START Given entries

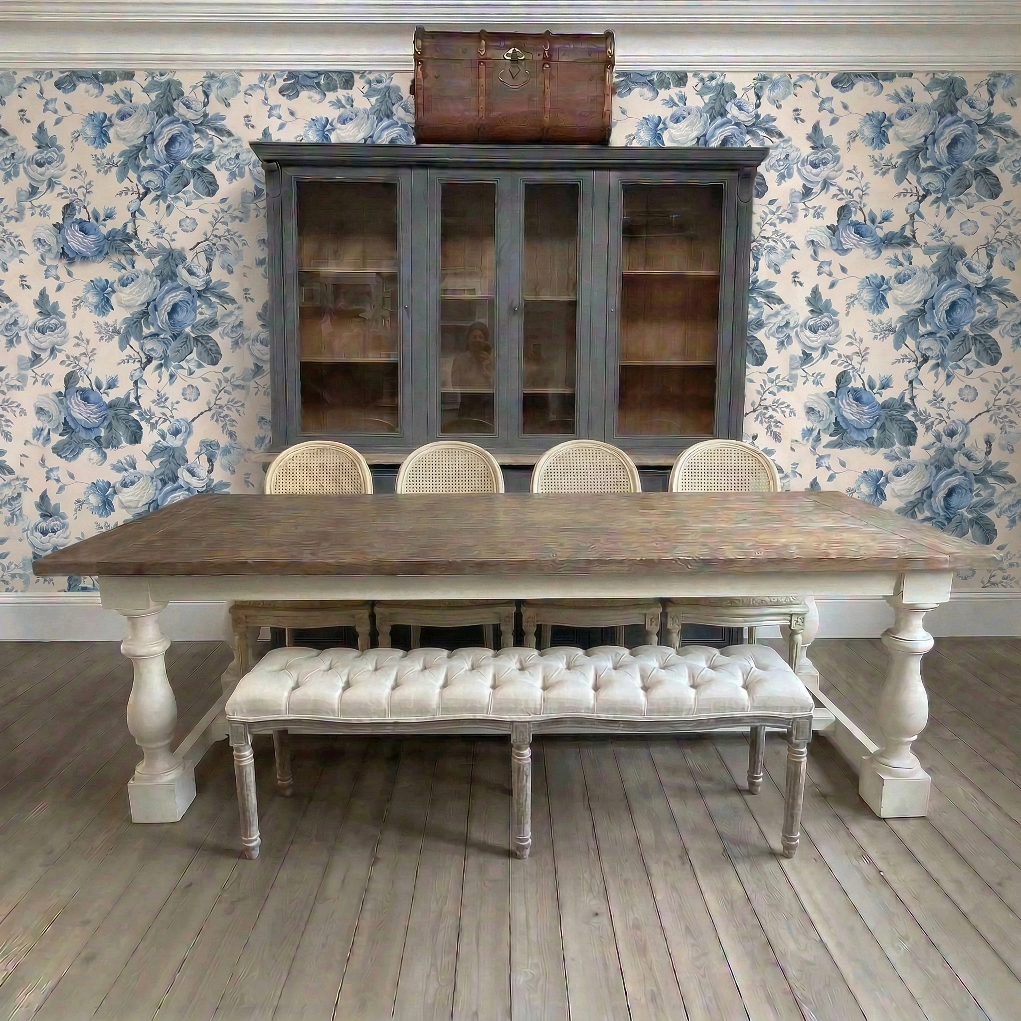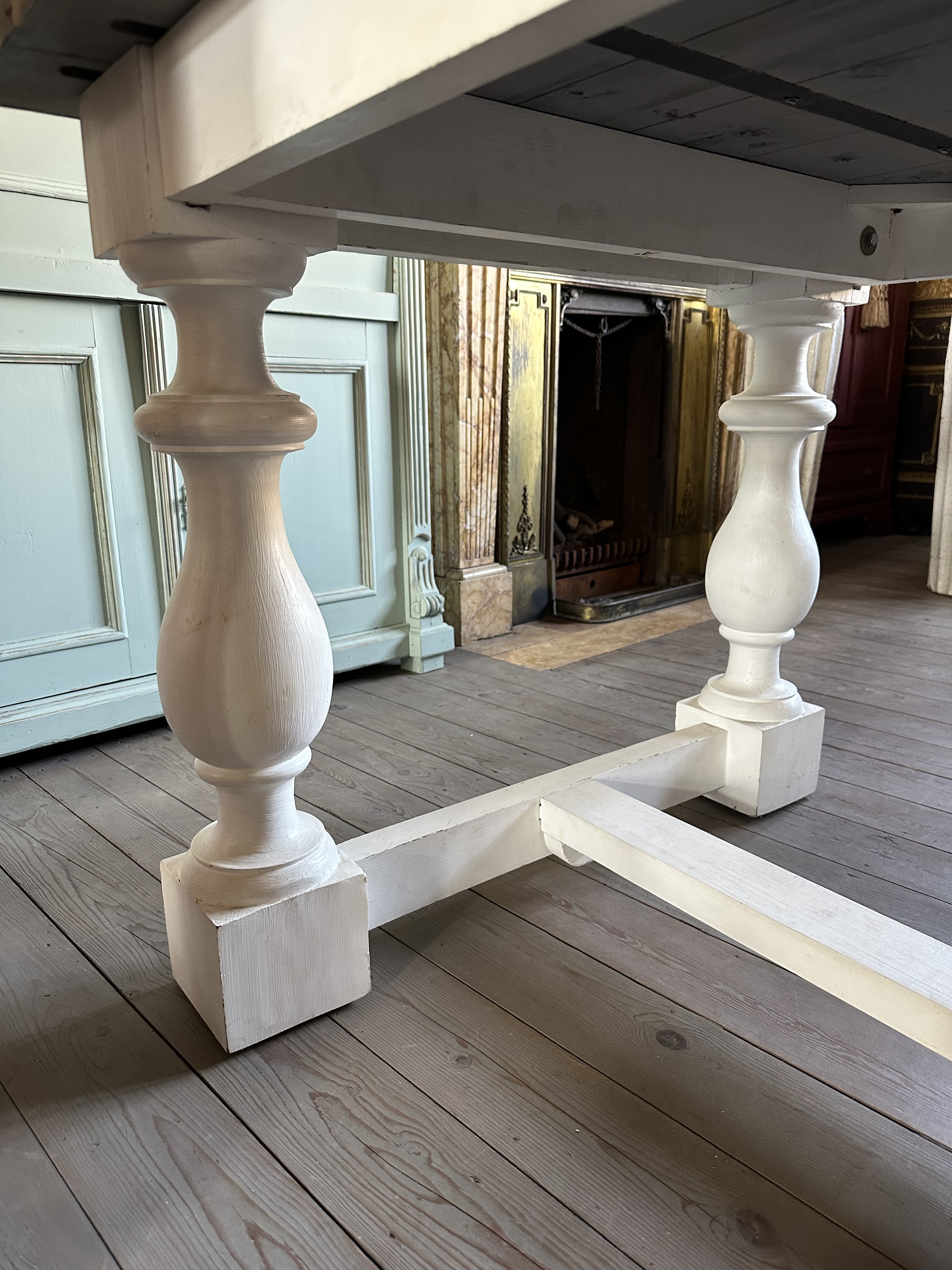 Prachtige landelijke tafel met witte gedraaide poten en paars-bruin tafelblad
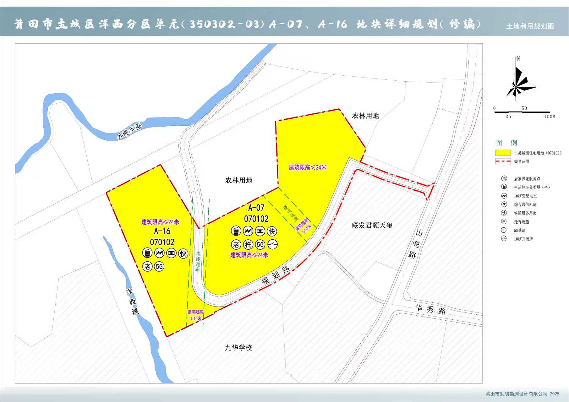 《莆田市主城区洋西分区单元(350302-03)A-07、A-16地块详细规划(修编)》由莆田市规划勘测设计有限公司编制,规划方案经各部门意见征询、专家评审和公示后,2025年9月18日经莆田市人民政府批复(莆政土〔2025〕191号),现将规划成果予以公布。
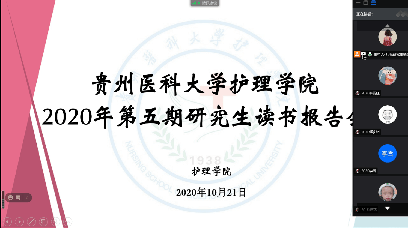 10月21日下午,2020年第五期研究生读书报告会以“云会议”形式进行,公司研究生导师、专业教师、研究生共计41人参会。
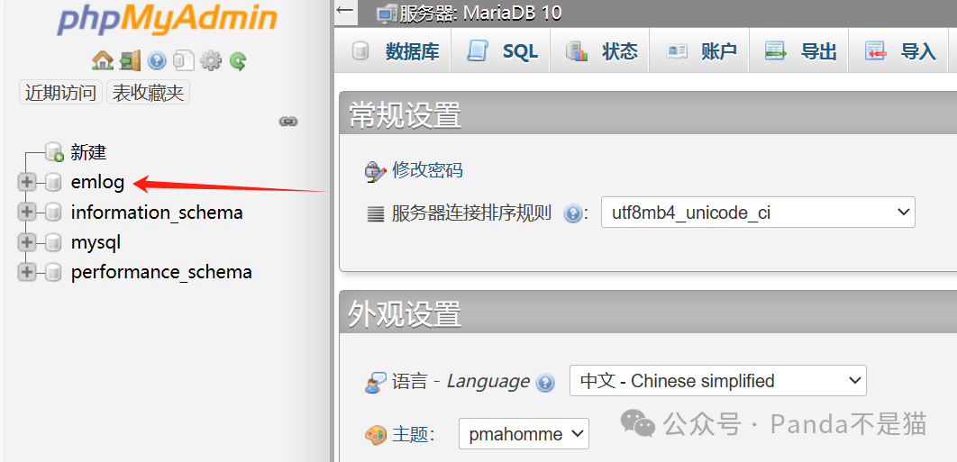 有了数据库之后我们需要新建数据库emlog,随后容器部署成功之后浏览器输入http://nasip+端口号访问项目安装界面。
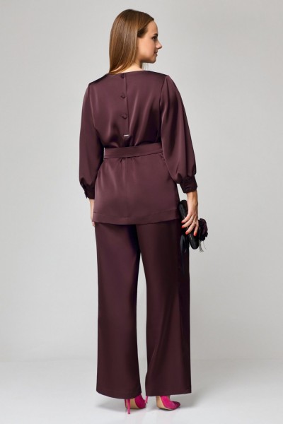 Комплект женский двухпредметный. Блузка - прямого силуэта с V-образным вырезом горловины. По спинке застежка на 3-петли и пуговицы. В боковых швах разрезы. Рукав втачной со складкой по низу с манжетой. Брюки классического покроя, прямые от бедра. В боковых швах карманы с отрезными бочками. Пояс отрезной со шлевками. Застежка на молнию и петлю с пуговицей. Изделие дополнено съемным поясом из основной ткани на пряжке. Длина блузки 69 см, длина рукава 52 см, длина брюк 106 см. Украшение в комплект не входит.
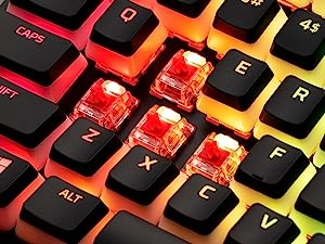 HyperX Mechanical switches These reliable key switches are a balance of responsiveness and accuracy. They feature an exposed LED for brighter RGB lighting.
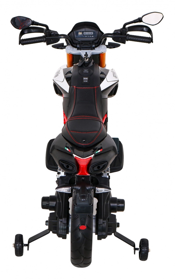 La moto électrique pour enfants au style affirmé APRILIA en noir ravira les petits pilotes grâce à sa puissance 2×12 V / 25 W, ses roues EVA confortables et son démarrage en douceur. Elle offre deux vitesses, la conduite avant/arrière, des feux avant et arrière et un riche équipement multimédia MP3/SD/AUX/USB. Le confort est complété par une selle en similicuir noir, une suspension arrière et un indicateur d’état de la batterie.
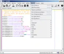 ویرایشگر متن برنامه نویسان دیگر، Vim (از نوادگان ششم)، نیز اجرای کامل ماکرو را دارد. این دستگاه میتواند در یک رجیستر (ماکرو) ثبت شود که چه کسی روی صفحه کلید قرار دارد و میتواند درست مانند VBA macros برای مایکروسافت تکرار یا ویرایش شود. Vim همچنین دارای یک زبان برنامهنویسی به نام Vimscript[5] برای ایجاد ماکروها است.
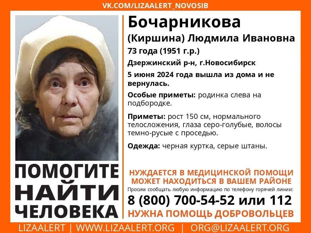 В Дзержинском районе Новосибирска пропала 73-летняя Людмила Бочарникова. 5 июня пенсионерка вышла из дома и не вернулась. Об этом сообщает поисковый отряд «ЛизаАлерт». Женщина была одета в черную куртку и серые штаны. Приметы пропавшей рост 150 см, нормального телосложения, глаза серо-голубые, волосы темно-русые с проседью. Из особых примет родинка слева на подбородке. Если вам что-либо известно о местонахождении женщины, сообщите, пожалуйста, по телефону горячей линии отряда 8-800-700-54-52 (круглосуточно, бесплатно) или по номеру 112. Ранее мы писали, что в Заельцовском районе Новосибирска пропал 58-летний Андрей Шемелин. Вячеслав Зубарев
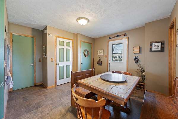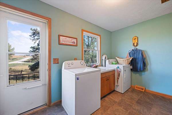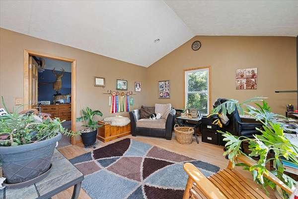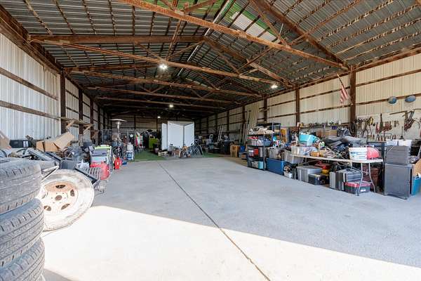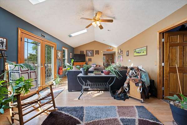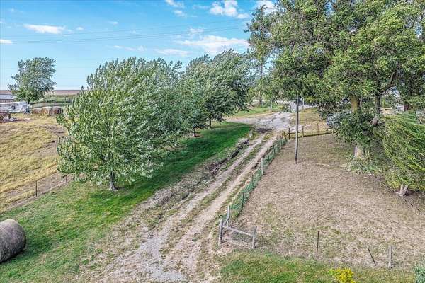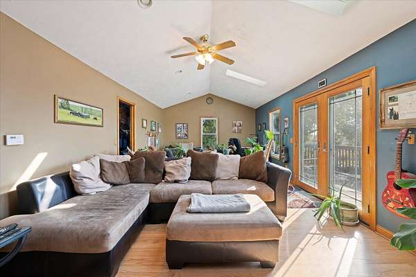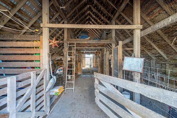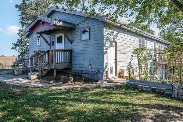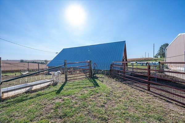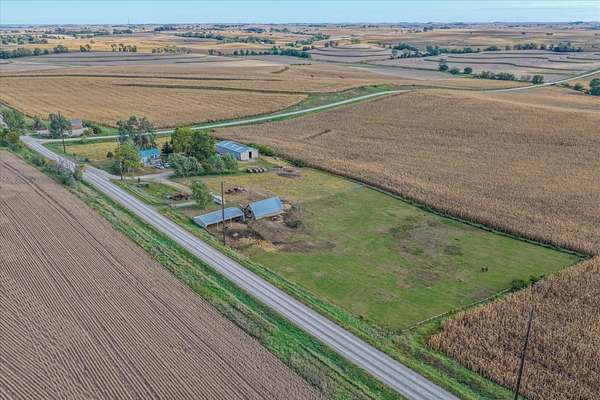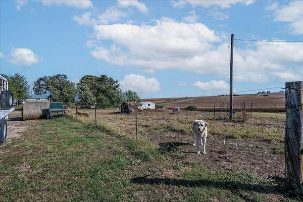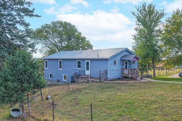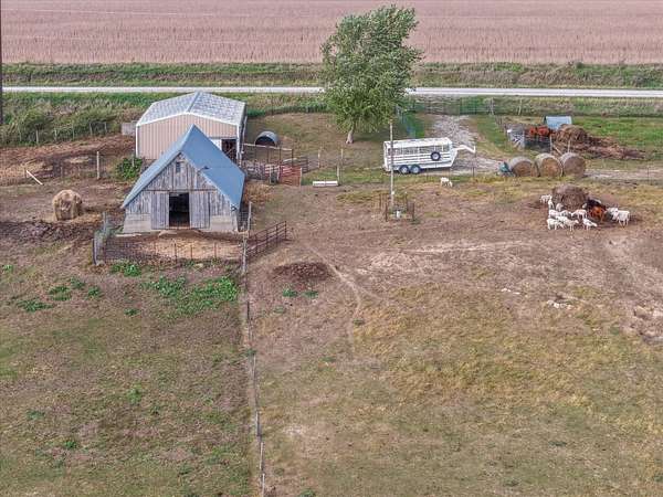 Discover peaceful country life, while only being a mile to town! This farmstead is perfectly set up for your livestock needs, the 6+ acres is fully fenced in,with several lots and cross fencing to rotate pastures. Multiple outbuildings for shelter and a 38x88 machine shed for all your equipment. While the solar panels on the roof supply power to the farm, and the peace of mind not having a power bill as prices keep rising. The home offers complete main floor living with 2 bedrooms, Eat-In Kitchen with pantry, spacious living room featuring vaulted ceilings, and patio door out to a deck that over looks the farm, main floor laundry, and full bath. The basement just needs finishing touches to complete the family and 3rd bedroom, with a walk-out to the 2 car garage that could be finished!
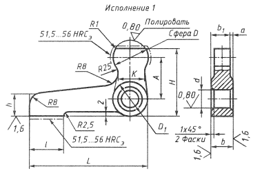* В случае применения штифтов типа 1 по ГОСТ 3128-70 - поле допуска отверстия d - К7. Соответственно в условном обозначении указывать поле допуска К7. Пример условного обозначения углового рычага исполнения 1, размерами А = 20мм, L = 55мм, с полем допуска диаметра d - Н7: Рычаг 7018-0391 Н7 ГОСТ 12471-67(Измененная редакция, Изм. № 1, 2). 2. Материал - сталь марки 40Х по ГОСТ 4543-71. Допускается замена на стали других марок с механическими свойствами не ниже, чем у стали марки 40Х. 3. Угловые рычаги исполнения 1 изготавливать методом прецизионного литья. 4. Литейные радиусы - 3 мм. 5. Твердость - 36,5 ... 41,5 HRCэ, кроме мест, обозначенных особо. (Измененная редакция, Изм. № 1, 2). 6. Неуказанные предельные
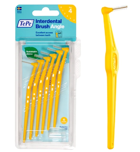 An interdental brush by TePe, designed to clean the gaps between the teeth, where a regular toothbrush is unable to reach. Use daily to keep gums and teeth healthy and fresh. The interdental brush can be used for cleaning between teeth, implants, crowns, and bridges. It’s also suitable for cleaning around brackets and wires during orthodontic treatment. TePe Angle comes in 6 colour-coded sizes to fit narrow as well as wide gaps – ISO sizes 0-5. It has a long handle and an angled brush head for easier access between the back teeth, both from the inside and the outside of the mouth.
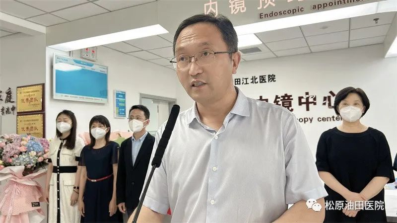 吉林大学第一临床医院邬巍副院长、胃肠内科内镜中心徐红主任、外联工作部赵莹主任、外联工作部李宜轩副主任、外联工作部鲍龙洋干事、松原吉林油田医院党委书记、院长韩伟、副院长吴优、江北医院院班子成员及全体医护人员参加仪式。

END Given entries

▶ **Brief**: Give the lines again word for word, from the start of the records to the line holding "有了数据库之后我们需要新建数", both included, and leave out any picture.

▶ **Response to the task**:
 Prachtige landelijke tafel met witte gedraaide poten en paars-bruin tafelblad
 《莆田市主城区洋西分区单元(350302-03)A-07、A-16地块详细规划(修编)》由莆田市规划勘测设计有限公司编制,规划方案经各部门意见征询、专家评审和公示后,2025年9月18日经莆田市人民政府批复(莆政土〔2025〕191号),现将规划成果予以公布。
 10月21日下午,2020年第五期研究生读书报告会以“云会议”形式进行,公司研究生导师、专业教师、研究生共计41人参会。
 有了数据库之后我们需要新建数据库emlog,随后容器部署成功之后浏览器输入http://nasip+端口号访问项目安装界面。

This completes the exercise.